Canal HomeWhen I first heard that the foreclosure process could be completed in as few as forty one days, I was astounded. I couldn’t believe it but, after doing some research, I found that technically, someone could foreclose a property within 41 days of a default on a payment. The way that Texas has laid out the requirements for a foreclosure from default to sale is pretty quick, with only a couple of steps. Obviously, an interest in real estate necessitates at least a basic knowledge of the foreclosure process, but it is such a simple and quick ordeal that, in truth, most everyone should probably know just how swift of a process it is.

The first step in any foreclosure is obviously a default on a mortgage payment. At that point, the borrower can no longer afford to, or simply isn’t paying for the mortgage. From the stand point of the real estate opportunist, this is a chance for some people to go in and work with the actual borrow to take over a home by either offering financial help or some other service that lets them stay in the home, such as a change in ownership and then a rental agreement. This is definitely not the norm when one thinks about taking advantage of foreclosures, but it is an option.
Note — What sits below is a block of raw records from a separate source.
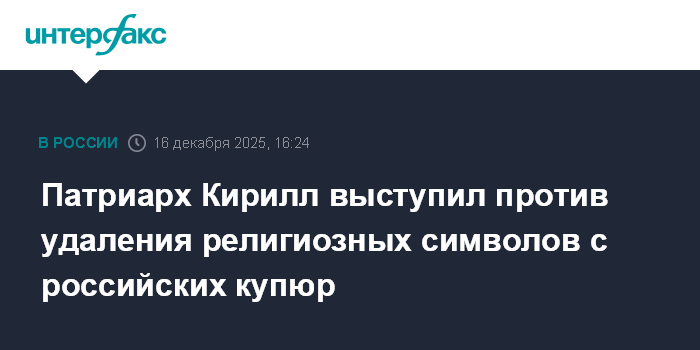 Москва. 16 декабря. INTERFAX.RU - Патриарх Московский и всея Руси Кирилл выступил против удаления православных символов с денежных знаков России.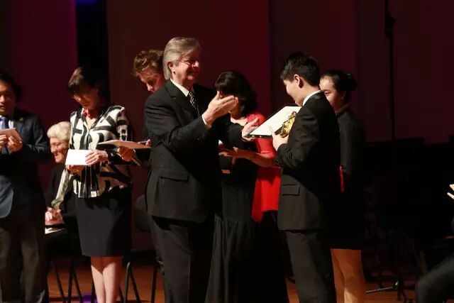 本届比赛组委会主席、艺术总监、中央音乐学院院长俞峰教授为获得青年组冠军的选手陈学弘颁奖。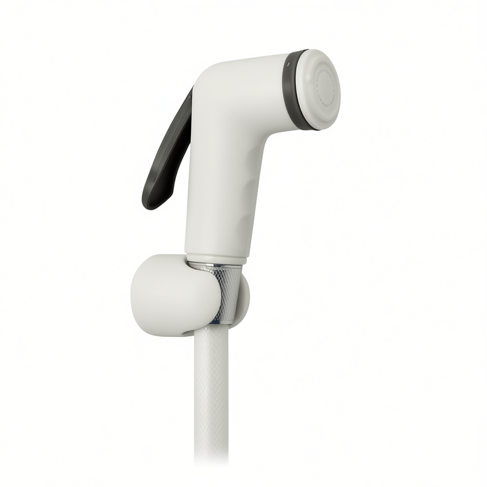 Cabezal de ducha blanco con manguera de 18,8 cm de longitud para uso en el baño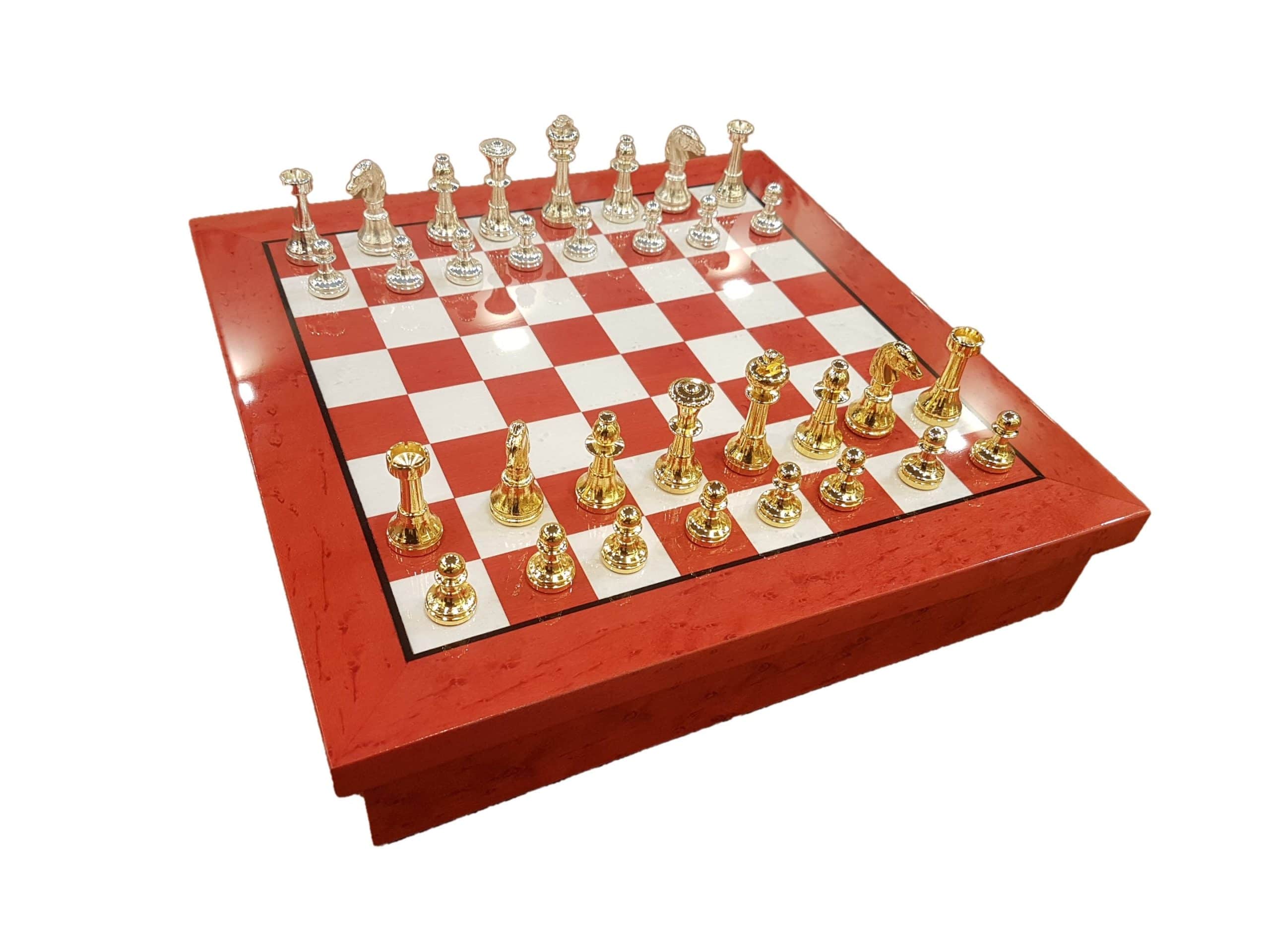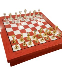 Ensemble Echiquier Moderne en Bois et Pièces d’Echecs en Laiton Plaqué Or et Argent – Idéal pour Les Petits Joueurs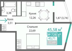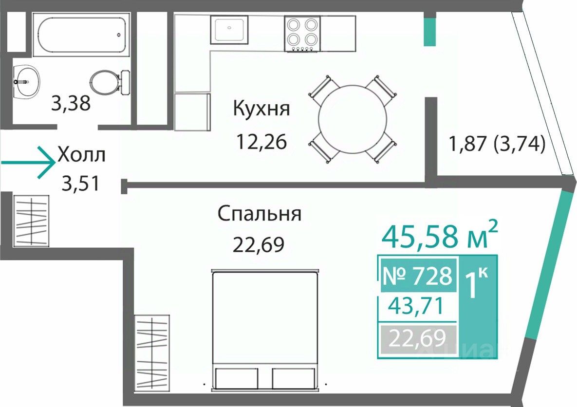 Продаётся 1-комнатная квартира в строящемся доме (Этап 1), срок сдачи: I-кв. 2028, общей площадью 43.71 кв.м., на 7 этаже. Новый жилой комплекс от ГК "Монолит" по адресу: Республика Крым, Симферополь, улица Святителя Гурия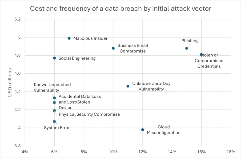 Cost and frequency of a data breach by initial attack vector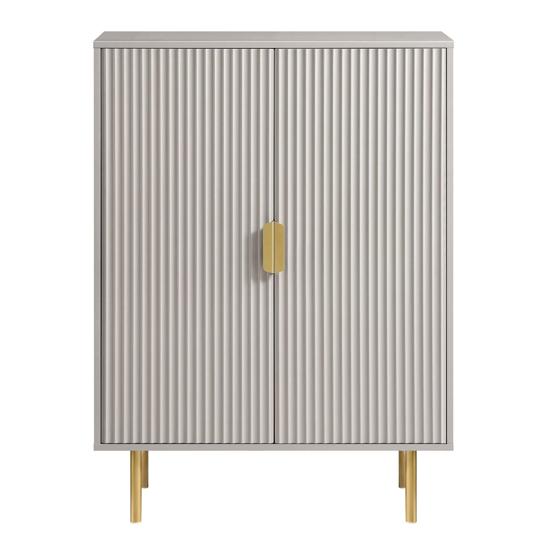 - L'armoire présente une surface de porte striée finie en peinture taupe mate, associée à des poignées et des pieds dorés.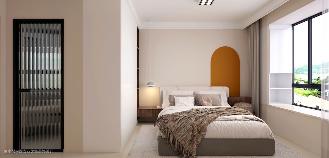 卧室主要是以休息为主,整体没有使用太过复杂的元素,床头加上线性吊灯作为装饰,让整个空间处于以一个惬意温馨的氛围。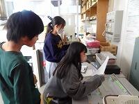 2人で1つのミシンを使うので、ペアで協力しあいながら使っていました。苦戦している子もいましたが、ペアの子だったり、同じグループの子たちと助け合って、作ることができました。まっすぐ縫う難しさであったり、周りをミシンで縫う難しさなどを感じていたと思います。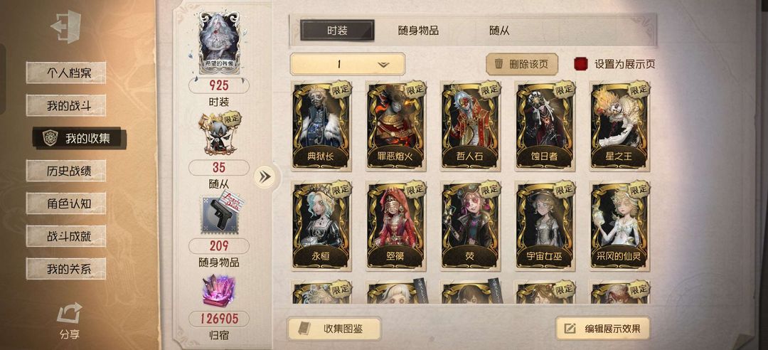 氪条奖励全拿,3虚妄。P5全齐,深渊全齐,福尔摩斯全齐,电竞求生全齐,梦幻岛球1全齐。麒麟商人和黯。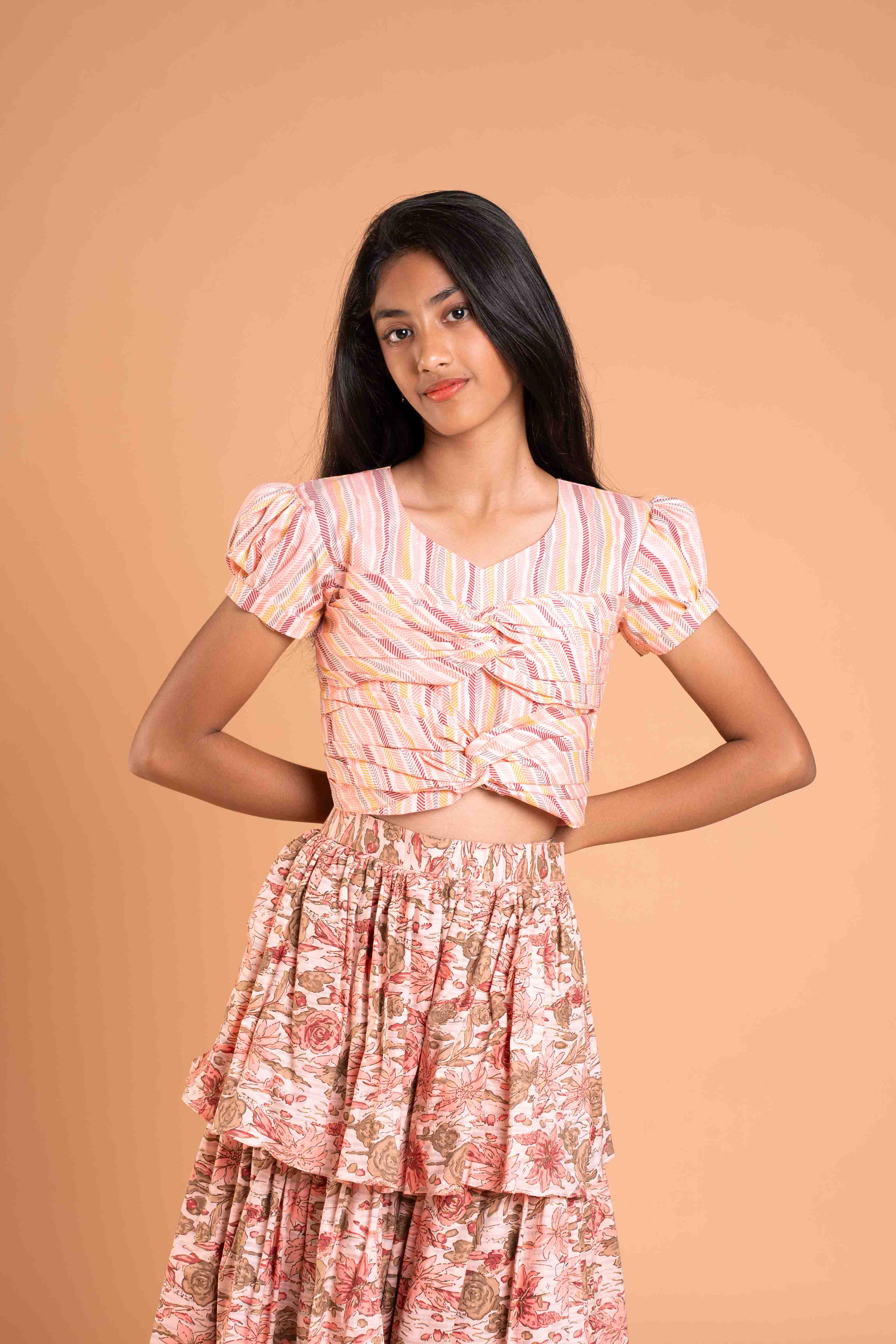 This is a two piece set with cotton layered lehenga and pattern cut crop top.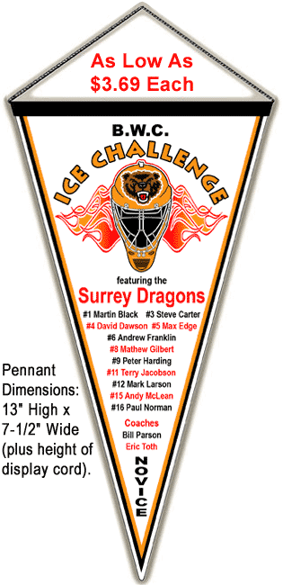 For Larger Quanitities, We Will Quote. Add 25 cents per pennant or banner to personalize with individual players' names or team rosters. Free Shipping for Orders Over $750.00! |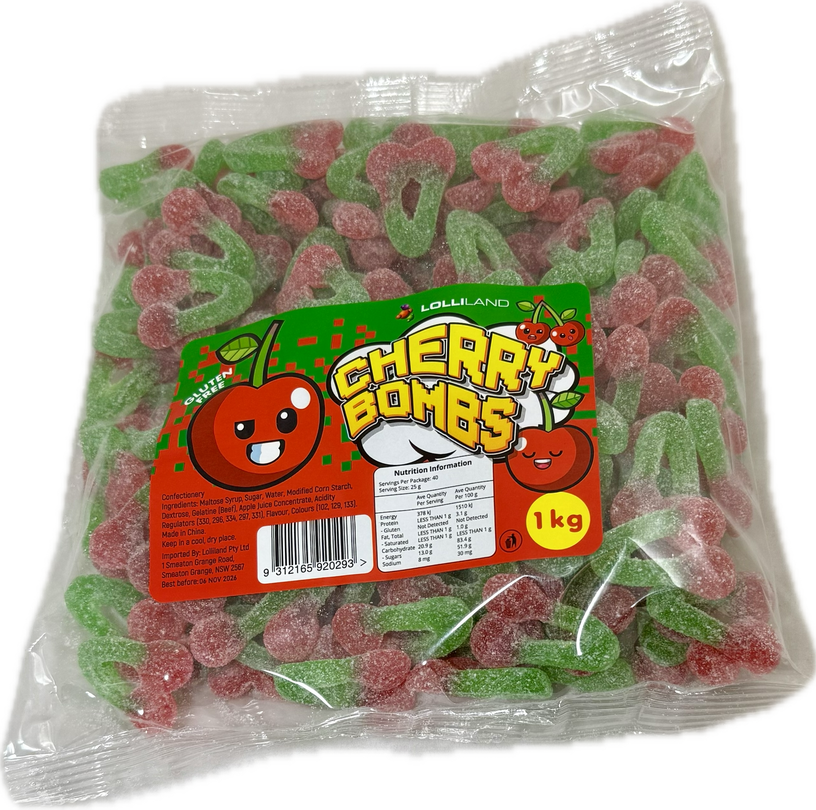 Our Gummi Sour Cherry Bombs- Gluten Free – 1kg is a favorite in gourmet foods for  bulk candy, sweet and sour gummies, cherry bomb candy, sweet cherry flavor, gummies for parties, gluten-free gummies, candy for events, chewy sweets, fruity sour candy, best sour gummies. Bursting with a bold sour punch and real cherry sweetness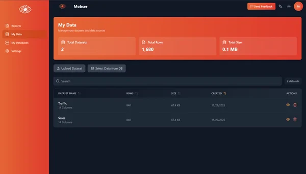 - AI-Powered Data Analytics: Mobser utilizes artificial intelligence to automatically analyze data, extract key metrics, and identify trends, making data insights accessible without coding.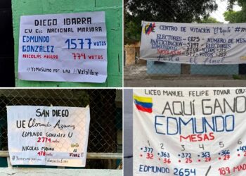 Decenas de escuelas del estado Carabobo, que funcionan como centros de votación, amanecieron este sábado con pancartas en las que...

The second step is the filing of a legal notice. At this point, the owner goes to the county office and official puts in that their mortgagee is falling behind in payments and that they would like to sell the house to someone else. There is a mandatory 20 period following that in which the mortgagee may attempt to resolve the issue in whatever way they can. There are two parties that should take particular note at this point. The first is the mortgagee. Chances are, they’re living there. If at all possible, they should work with someone to save their mortgage and figure out their payment situation. The other is the potential buyer. At this point, you may start discussing buying the home, as it is on its way to market sooner rather than later.

The third step is the actual sale. Twenty days prior to the actual sale of the home at the monthly auctions, the owner will now post that the house is going to auction. This is when the home is officially foreclosed and all efforts are now being put into finding a new owner. The current resident can all but be ready to go, and the real estate sharks start circling. After the 20 day period (not always exactly 20 days, but at least) the auction happens on the first Tuesday of the month, and the house gets sold new again. Bidding must reach at least two thirds the original price, and the court handles the financial details of it all.

The fourth and final step is the actual takeover of the home. The buyer now owns the home, but sometimes the previous tenants aren’t gone yet, which is where an eviction can come in to play. The sheriff will assist in clearing out the home, and there you have it. The home is now officially and fully owned by someone else. All in just over a month (assuming you timed it right).